In the context of information retrieval, there is one additional complexity worth noting. Following best practice, we use PForDelta [?, ?] for compressing postings lists. Since it is a block-based technique (i.e., integers are coded in groups, typically 128), decompression yields memory access patterns that differ from techniques which code one integer at a time (e.g., variable-length integers, codes, etc.). Our experiments show that this has the effect of masking memory latencies and cache misses.
In this paper, we only examine standard inverted indexes—mappings from terms to postings lists, where each posting holds the document id, term frequency, and term positions. We set aside alternatives such as bit signatures [?], recent work on self-indexes [?], as well as the approach of Lempel et al. [?], who eschew inverted indexes completely.

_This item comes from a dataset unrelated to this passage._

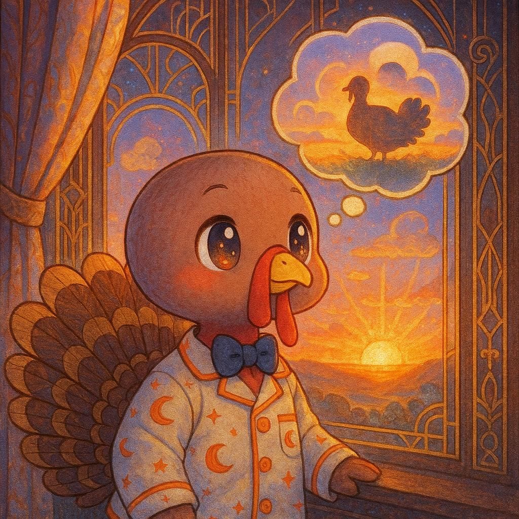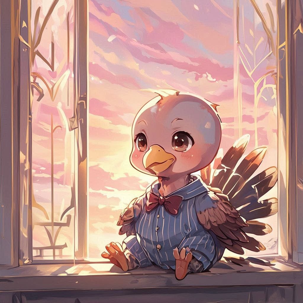 Same Prompt🤔: Create an image of a turkey wearing a bowtie and pajamas looking out a window watching the sunrise while daydreaming in the style of a magical Art Deco Chibi Anime painting.

As previously mentioned, most previous work on incremental indexing assumes that postings lists do not fit in memory and ultimately must be organized on disk. The design space of indexing strategies is nicely illustrated by Tomasic et al. [?], who examined the problem of index updates: how to append an in-memory list to a list on disk. We summarize only the important results here. Tomasic et al. explored different disk allocation policies: with the constant approach, a constant amount of space is reserved at the end of every list for new postings. In contrast, the proportional strategy reserves empty space at the end proportional to the number of postings being written to disk; thus, longer lists have more room to grow. Complementary to these allocation policies is the update strategy. If the in-memory list to be written fits into the reserved space, then the on-disk list is updated in place. Otherwise, the authors discuss different options: whole, which combines the in-memory and on-disk list and writes the result to a new location, thereby maintaining a contiguous list; and new, which writes the in-memory list to a new location, thus creating a linked list of segments. Not surprisingly, experiments show that the new strategy is quicker for index updates since there is no need to copy data, while the whole strategy is preferred for query evaluation since it reduces the number of disk seeks needed when traversing postings.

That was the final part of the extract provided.